Technical Field

The present invention relates to a nasogastric probe.

Background Art

In the medical field it has long been known that nasogastric probes are used for various purposes such as, e.g., sucking up the gastric contents, performing enteral nutrition, emptying the stomach of dangerous contents (e.g. stomach pumping or gastric lavage), preventing the relaxation of the stomach before or after surgery.

It is also known to perform enteral nutrition on artificially ventilated patients, for example when the normal vital functions of a patient are impaired or altered as a result of an acute disease or a traumatic event.

The known type of nasogastric probes generally comprises a tubular element of elongated shape and flexible type, of the type of silicone or polyurethane, of variable section and length depending on the type of application and the age of the patient.

The tubular element is provided at one end with at least one feeding mouth for the introduction of nutritive substances or drugs and at the opposite end with one or more delivery mouths, where the feeding mouth and the delivery mouths are connected to each other by means of a main channel.

Some probes of known type are provided with means for detecting the pressure inside the patient’s oesophagus, in particular in order to adequately regulate the patient’s assisted ventilation.

These pressure detecting means are of the type of an inflatable balloon connected to a corresponding transducer, placed outside the patient, capable of determining the pressure which is on the outside of the balloon itself.

These probes of known type do however have some drawbacks.

They do not allow in fact a precise and punctual detection of the pressure inside the patient’s esophagus, since this detection depends on the deformation of the balloon, which is also appropriate to be in contact with the walls of the esophagus itself to perform its function properly.

The probes of known type do not thus allow detecting any barotrauma that may occur as a result of compression of the oesophagus by the lungs due to the air introduced into them through forced ventilation, with a consequent risk for the patient.

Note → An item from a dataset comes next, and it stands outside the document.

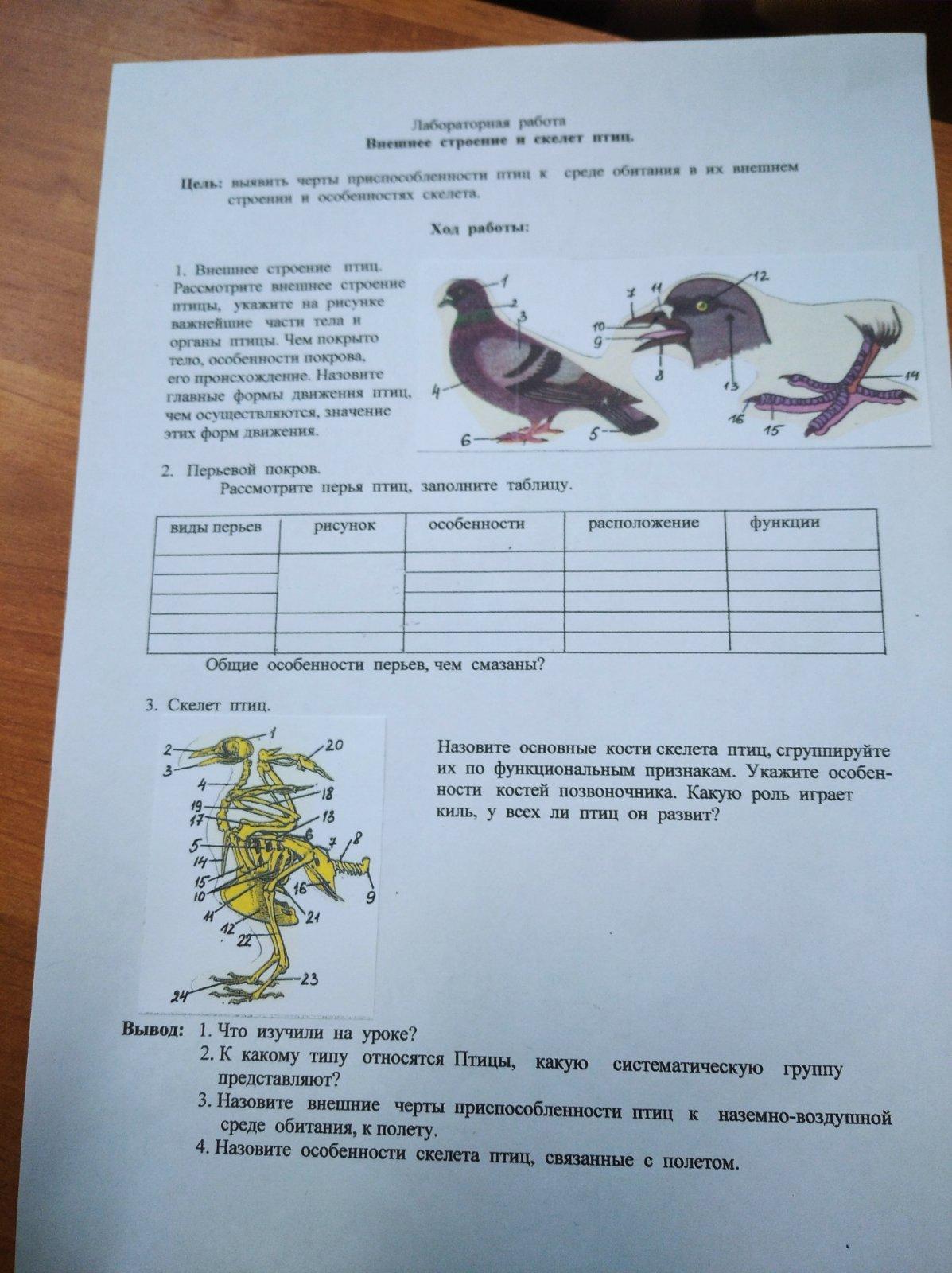 1. Подвижная шея соединяет голову с компактным туловищем. Передние конечности птицы видоизменены в крылья. Задние конечности - ноги. На концах пальцев есть когти. Перья, которыми покрыто тело, образованы из рогоподобного вещества и служат приспособлением к полету, предохраняют птицу от охлаждения и перегрева, создают обтекаемую поверхность тела, защищают кожные покровы от повреждений.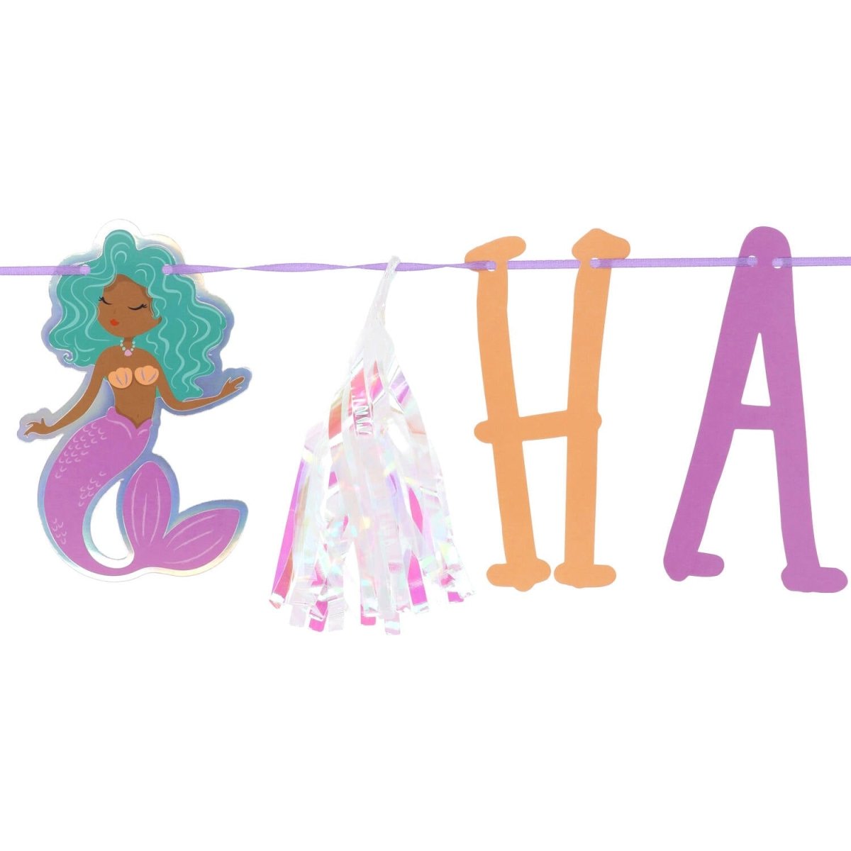 För varje sjöjungfru som fyller år! Bokstavsgirlangset - Mermaid Magic - 1,5 meter. Innehåll: 1 bokstavsgirlang i 2 delar. Kan t.ex. användas under följande fest/festtillfällen: Barnkalas, Födelsedag. Nu blir det riktigt magiskt! Denna girlang består av två delar: en girlang med texten "HAPPY BIRTHDAY" (bokstäverna är ca 14 cm höga) med en sjöjungfru och en iriserande folietofs på vardera sida, mellan de två orden finns också en sjöjungfru. På den andra kransen hänger texten "MERMAID MAGIC" (bokstäverna är ca 14 cm höga) med en iriserande snäcka och en iriserande folietofs på vardera sidan. Tack vare den använda varmstämplingstekniken glittrar de iriserande snäckorna verkligen! Bokstäverna och snäckorna är tryckta på båda sidor. Alla delar kan skjutas fram och tillbaka över det lila bandet. Banden på båda girlangerna är 2,5 meter lang.Deze flagline tillhör Mermaid Magic-kollektionen av Folat. Det här föremålet är tillverkat av papper.

In addition, the probes of known type do not allow the medical operator to promptly and effectively identify any incorrect insertion by the medical staff, e.g. inside the respiratory tract.

Today, to verify the correct placement of the nasogastric probes, various methods exist: air can be blown into the patient’s stomach and, by means of a phonendoscope positioned on the patient’s stomach, the noises created by the passage of air can be heard, an X-ray check can be carried out, or probes provided with a magnetic element can be used to monitor the position thereof. These methods are not however very practical to use, they are not always reliable and, in particular, radiographic monitoring exposes the patient to the risk of radiation.

Description of the Invention

The main aim of the present invention is to devise a nasogastric probe that allows detecting in a practical and effective manner the pressure inside the esophagus after the probe itself has been inserted inside the patient.

Within this aim, one object of the present invention is to allow a prompt and effective regulation of the forced ventilation of the patient.

Another object is to devise a probe that allows easy identification of its position, so as to easily identify any incorrect insertion into the airway.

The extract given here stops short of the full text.